(Records from a collection)
▼
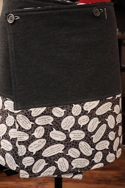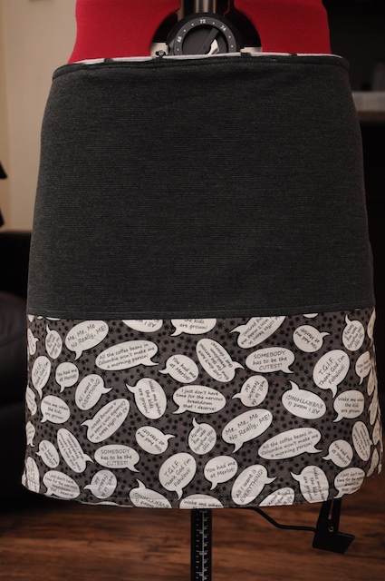 Oh that speech bubble fabric is amazing, I love it! Three great skirts and I, also, have small hips but no waist, so I agree with the no darts sentiment:)
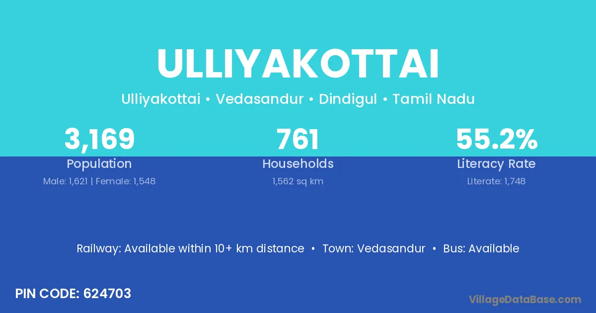 Ulliyakottai village has a total population of 3,169 people, of which 1,621 are males and 1,548 are females.
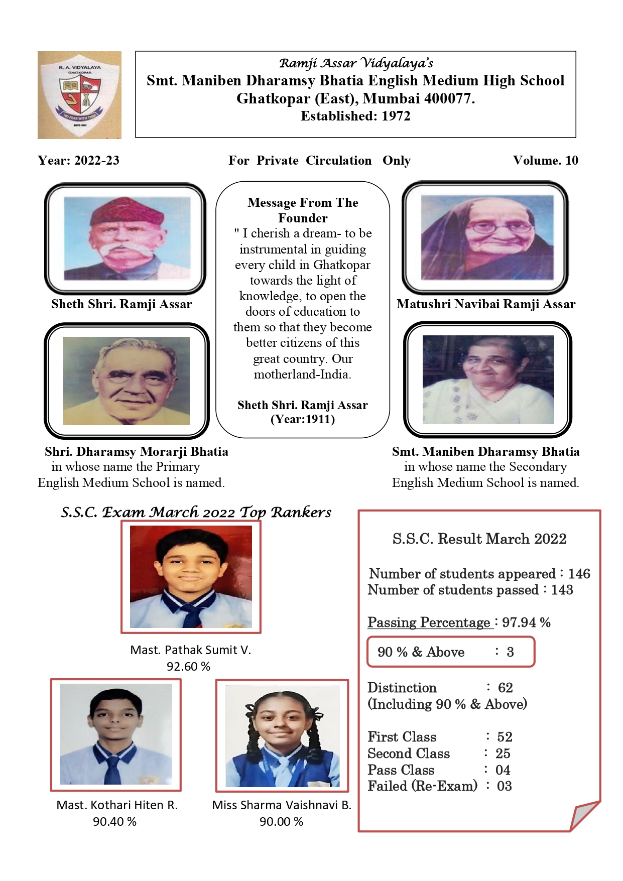 I extend a very warm welcome to all of the past, present and future students and parents to their very own Ramji Assar Vidyalaya website. An effort has been made to provide students and parents instant access to the desired information concerning every single detail pertaining to our School.
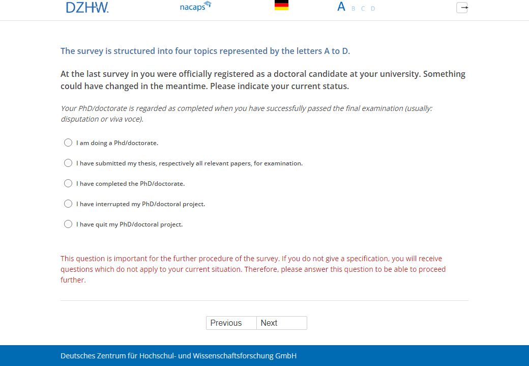 Dear participant, please note that you can only continue with the Nacaps survey if you answered the question regarding the status of your PhD/doctorate. If you are interested in taking part in the study, please click on the „Previous“ button below and answer the question on the status of your PhD/doctorate.,Otherwise, you can send us comments and your opinions about the study below.
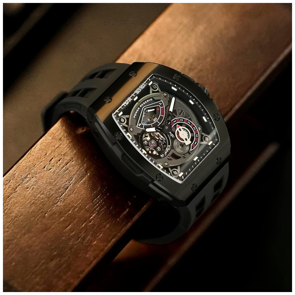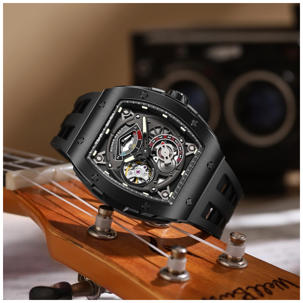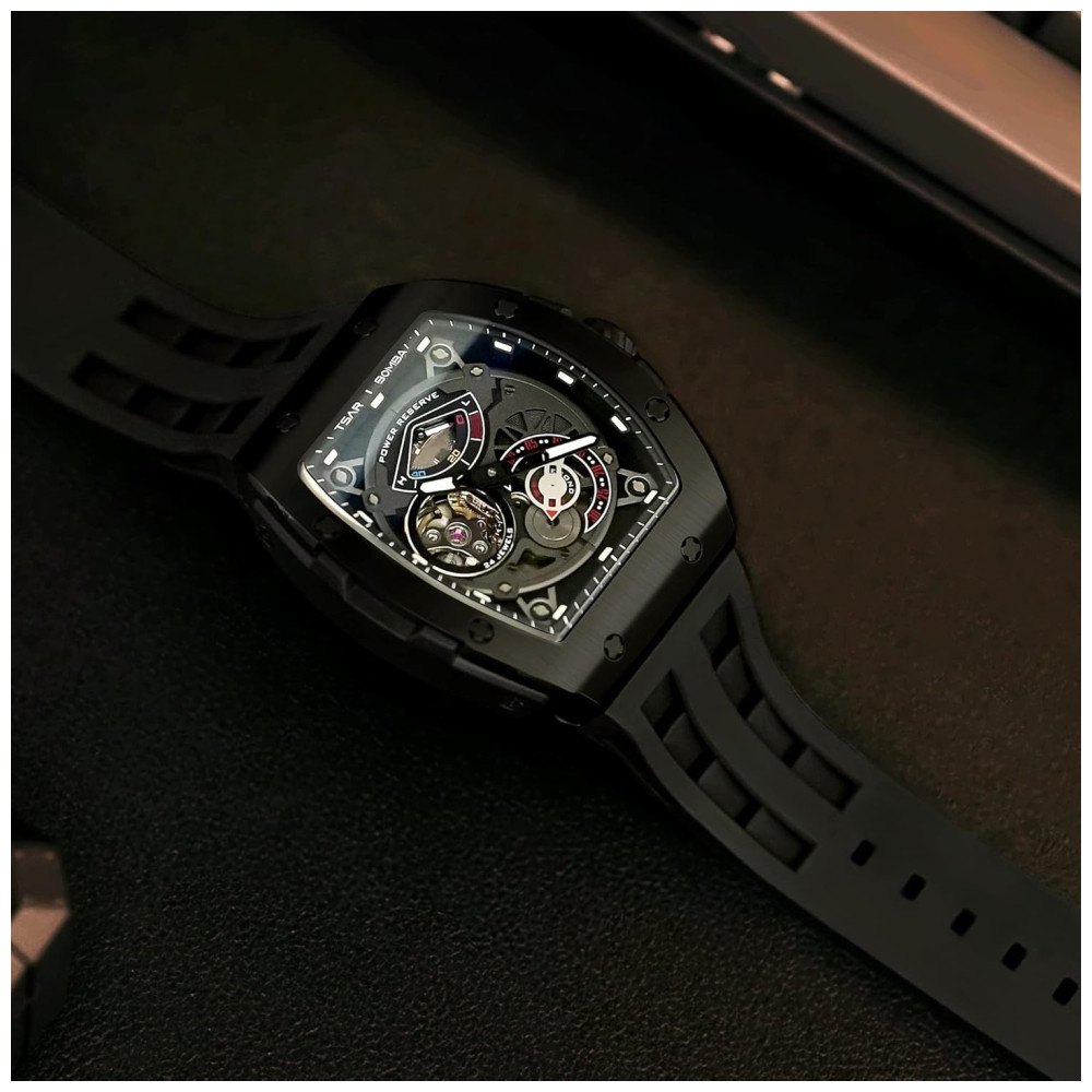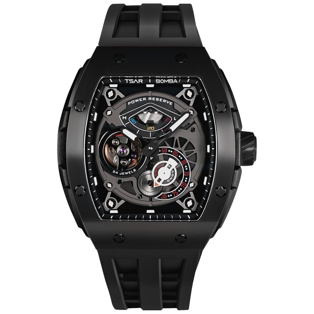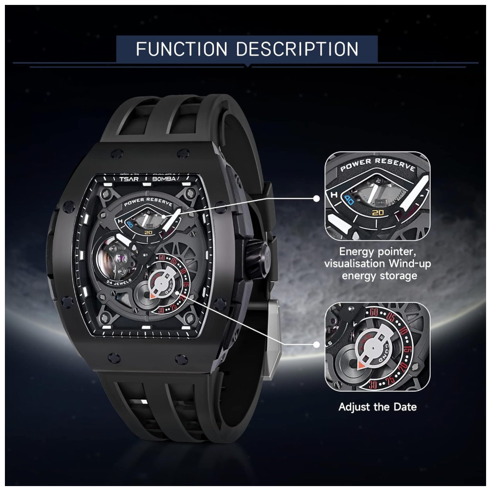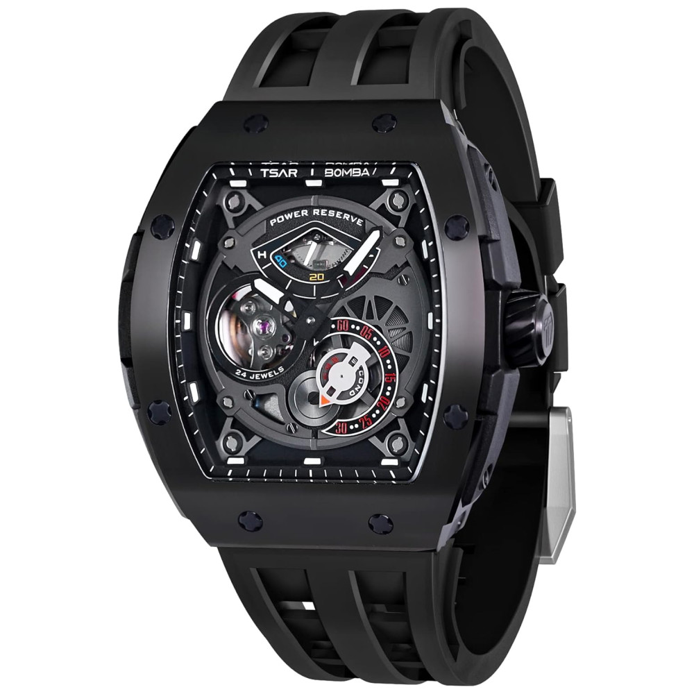 Relógio Masculino Analógico Automático a Prova dÁgua 50M com Pulseira de Silicone TSAR BOMBA TB8210 SGLZ Preto
▲
■ Exercise requirements: Give again, word for word, every line from the top of the data above to the line holding "Dear participant, please", inclusive, with the pictures left out.

■ Response:
 Oh that speech bubble fabric is amazing, I love it! Three great skirts and I, also, have small hips but no waist, so I agree with the no darts sentiment:)
 Ulliyakottai village has a total population of 3,169 people, of which 1,621 are males and 1,548 are females.
 I extend a very warm welcome to all of the past, present and future students and parents to their very own Ramji Assar Vidyalaya website. An effort has been made to provide students and parents instant access to the desired information concerning every single detail pertaining to our School.
 Dear participant, please note that you can only continue with the Nacaps survey if you answered the question regarding the status of your PhD/doctorate. If you are interested in taking part in the study, please click on the „Previous“ button below and answer the question on the status of your PhD/doctorate.,Otherwise, you can send us comments and your opinions about the study below.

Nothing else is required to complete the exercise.